▶ [Saved entries]:

== Segment start ==

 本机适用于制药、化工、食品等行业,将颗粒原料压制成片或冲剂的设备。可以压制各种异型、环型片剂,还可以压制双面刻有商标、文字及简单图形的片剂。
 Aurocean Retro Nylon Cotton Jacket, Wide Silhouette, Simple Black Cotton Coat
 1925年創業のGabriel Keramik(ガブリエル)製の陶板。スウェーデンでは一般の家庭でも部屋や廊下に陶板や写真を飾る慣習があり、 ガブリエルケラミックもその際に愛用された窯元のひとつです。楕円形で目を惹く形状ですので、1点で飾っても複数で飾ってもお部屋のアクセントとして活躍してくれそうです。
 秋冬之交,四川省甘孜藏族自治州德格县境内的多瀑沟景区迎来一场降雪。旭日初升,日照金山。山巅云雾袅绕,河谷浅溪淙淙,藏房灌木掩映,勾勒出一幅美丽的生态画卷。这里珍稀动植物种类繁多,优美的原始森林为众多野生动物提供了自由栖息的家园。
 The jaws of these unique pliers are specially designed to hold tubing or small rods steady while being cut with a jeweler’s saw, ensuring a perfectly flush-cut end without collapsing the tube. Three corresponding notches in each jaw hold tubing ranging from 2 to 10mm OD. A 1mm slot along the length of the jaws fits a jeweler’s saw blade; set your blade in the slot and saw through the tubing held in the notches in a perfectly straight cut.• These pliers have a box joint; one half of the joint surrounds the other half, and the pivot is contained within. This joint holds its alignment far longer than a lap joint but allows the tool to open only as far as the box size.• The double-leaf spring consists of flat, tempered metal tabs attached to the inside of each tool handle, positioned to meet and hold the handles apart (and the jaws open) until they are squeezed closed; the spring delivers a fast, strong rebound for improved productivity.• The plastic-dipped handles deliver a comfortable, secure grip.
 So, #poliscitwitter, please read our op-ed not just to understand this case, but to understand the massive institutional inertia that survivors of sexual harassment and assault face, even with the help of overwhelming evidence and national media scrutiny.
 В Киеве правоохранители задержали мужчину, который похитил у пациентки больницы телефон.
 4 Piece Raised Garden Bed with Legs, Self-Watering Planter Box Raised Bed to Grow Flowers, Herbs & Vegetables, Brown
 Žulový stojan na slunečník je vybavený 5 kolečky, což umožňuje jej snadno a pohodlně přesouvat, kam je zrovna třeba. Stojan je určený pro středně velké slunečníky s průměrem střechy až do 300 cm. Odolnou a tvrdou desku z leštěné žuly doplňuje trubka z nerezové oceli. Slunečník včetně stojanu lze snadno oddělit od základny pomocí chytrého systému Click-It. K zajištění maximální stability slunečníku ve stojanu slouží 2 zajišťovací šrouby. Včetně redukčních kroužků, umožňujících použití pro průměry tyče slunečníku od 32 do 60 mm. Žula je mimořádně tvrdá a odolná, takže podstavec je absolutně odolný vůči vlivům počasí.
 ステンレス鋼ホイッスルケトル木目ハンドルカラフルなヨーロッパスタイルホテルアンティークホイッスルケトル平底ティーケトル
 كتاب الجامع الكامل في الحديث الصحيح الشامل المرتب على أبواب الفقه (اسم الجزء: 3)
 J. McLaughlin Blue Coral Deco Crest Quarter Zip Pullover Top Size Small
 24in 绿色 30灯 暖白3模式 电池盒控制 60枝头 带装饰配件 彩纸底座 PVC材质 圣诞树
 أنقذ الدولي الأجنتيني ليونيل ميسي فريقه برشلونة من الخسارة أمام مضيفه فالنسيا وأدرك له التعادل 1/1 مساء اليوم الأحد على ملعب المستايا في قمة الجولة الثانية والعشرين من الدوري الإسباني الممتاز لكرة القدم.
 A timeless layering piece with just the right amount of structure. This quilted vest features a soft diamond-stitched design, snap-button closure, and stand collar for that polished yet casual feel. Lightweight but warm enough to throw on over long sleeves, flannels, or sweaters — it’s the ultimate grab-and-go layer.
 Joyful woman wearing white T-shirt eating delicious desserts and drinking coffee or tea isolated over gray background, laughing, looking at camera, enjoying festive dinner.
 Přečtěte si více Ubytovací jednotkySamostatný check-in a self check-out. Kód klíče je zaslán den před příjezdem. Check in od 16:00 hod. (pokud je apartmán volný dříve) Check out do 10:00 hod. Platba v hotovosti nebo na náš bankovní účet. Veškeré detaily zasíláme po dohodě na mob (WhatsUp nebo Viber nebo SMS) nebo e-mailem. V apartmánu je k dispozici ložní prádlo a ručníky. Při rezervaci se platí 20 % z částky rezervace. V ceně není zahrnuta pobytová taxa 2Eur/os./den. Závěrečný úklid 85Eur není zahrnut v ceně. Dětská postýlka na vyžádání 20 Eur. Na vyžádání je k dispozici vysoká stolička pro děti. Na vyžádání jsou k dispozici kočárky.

== Segment end ==

▶ [WORK TO BE COMPLETED]:
How many lines in the records above hold the word "that"? Give only the number.

▶ [RESPONSE]:
2